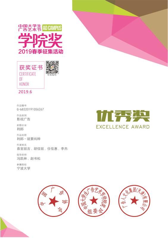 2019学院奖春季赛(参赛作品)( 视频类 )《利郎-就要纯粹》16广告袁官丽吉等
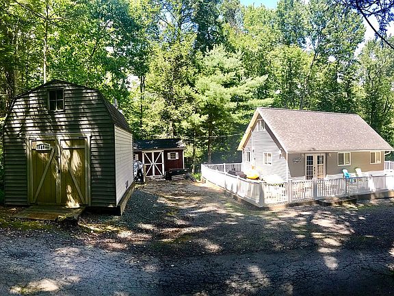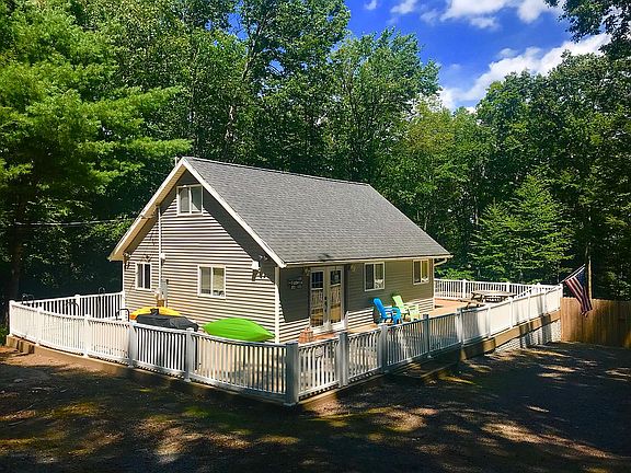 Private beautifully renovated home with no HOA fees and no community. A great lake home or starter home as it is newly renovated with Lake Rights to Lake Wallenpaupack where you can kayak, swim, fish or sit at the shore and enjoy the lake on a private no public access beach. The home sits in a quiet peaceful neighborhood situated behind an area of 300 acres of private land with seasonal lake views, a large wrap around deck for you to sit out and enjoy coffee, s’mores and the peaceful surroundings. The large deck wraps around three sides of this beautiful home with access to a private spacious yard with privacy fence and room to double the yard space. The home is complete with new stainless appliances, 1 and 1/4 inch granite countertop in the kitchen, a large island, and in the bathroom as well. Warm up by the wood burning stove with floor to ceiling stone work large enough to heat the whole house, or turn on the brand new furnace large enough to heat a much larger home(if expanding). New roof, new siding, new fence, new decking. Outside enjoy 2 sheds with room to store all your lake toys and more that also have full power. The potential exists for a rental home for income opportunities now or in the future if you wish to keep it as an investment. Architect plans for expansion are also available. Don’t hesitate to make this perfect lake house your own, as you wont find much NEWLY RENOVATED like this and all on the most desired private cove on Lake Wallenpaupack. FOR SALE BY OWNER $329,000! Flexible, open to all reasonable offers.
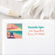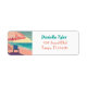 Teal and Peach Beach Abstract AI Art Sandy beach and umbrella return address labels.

----------

◆ **WORK ITEM**: Each line of the data above should be reproduced without alteration, and no picture should appear in the copy.

◆ **FINISHED EXERCISE**:
 2019学院奖春季赛(参赛作品)( 视频类 )《利郎-就要纯粹》16广告袁官丽吉等
 Private beautifully renovated home with no HOA fees and no community. A great lake home or starter home as it is newly renovated with Lake Rights to Lake Wallenpaupack where you can kayak, swim, fish or sit at the shore and enjoy the lake on a private no public access beach. The home sits in a quiet peaceful neighborhood situated behind an area of 300 acres of private land with seasonal lake views, a large wrap around deck for you to sit out and enjoy coffee, s’mores and the peaceful surroundings. The large deck wraps around three sides of this beautiful home with access to a private spacious yard with privacy fence and room to double the yard space. The home is complete with new stainless appliances, 1 and 1/4 inch granite countertop in the kitchen, a large island, and in the bathroom as well. Warm up by the wood burning stove with floor to ceiling stone work large enough to heat the whole house, or turn on the brand new furnace large enough to heat a much larger home(if expanding). New roof, new siding, new fence, new decking. Outside enjoy 2 sheds with room to store all your lake toys and more that also have full power. The potential exists for a rental home for income opportunities now or in the future if you wish to keep it as an investment. Architect plans for expansion are also available. Don’t hesitate to make this perfect lake house your own, as you wont find much NEWLY RENOVATED like this and all on the most desired private cove on Lake Wallenpaupack. FOR SALE BY OWNER $329,000! Flexible, open to all reasonable offers.
 Teal and Peach Beach Abstract AI Art Sandy beach and umbrella return address labels.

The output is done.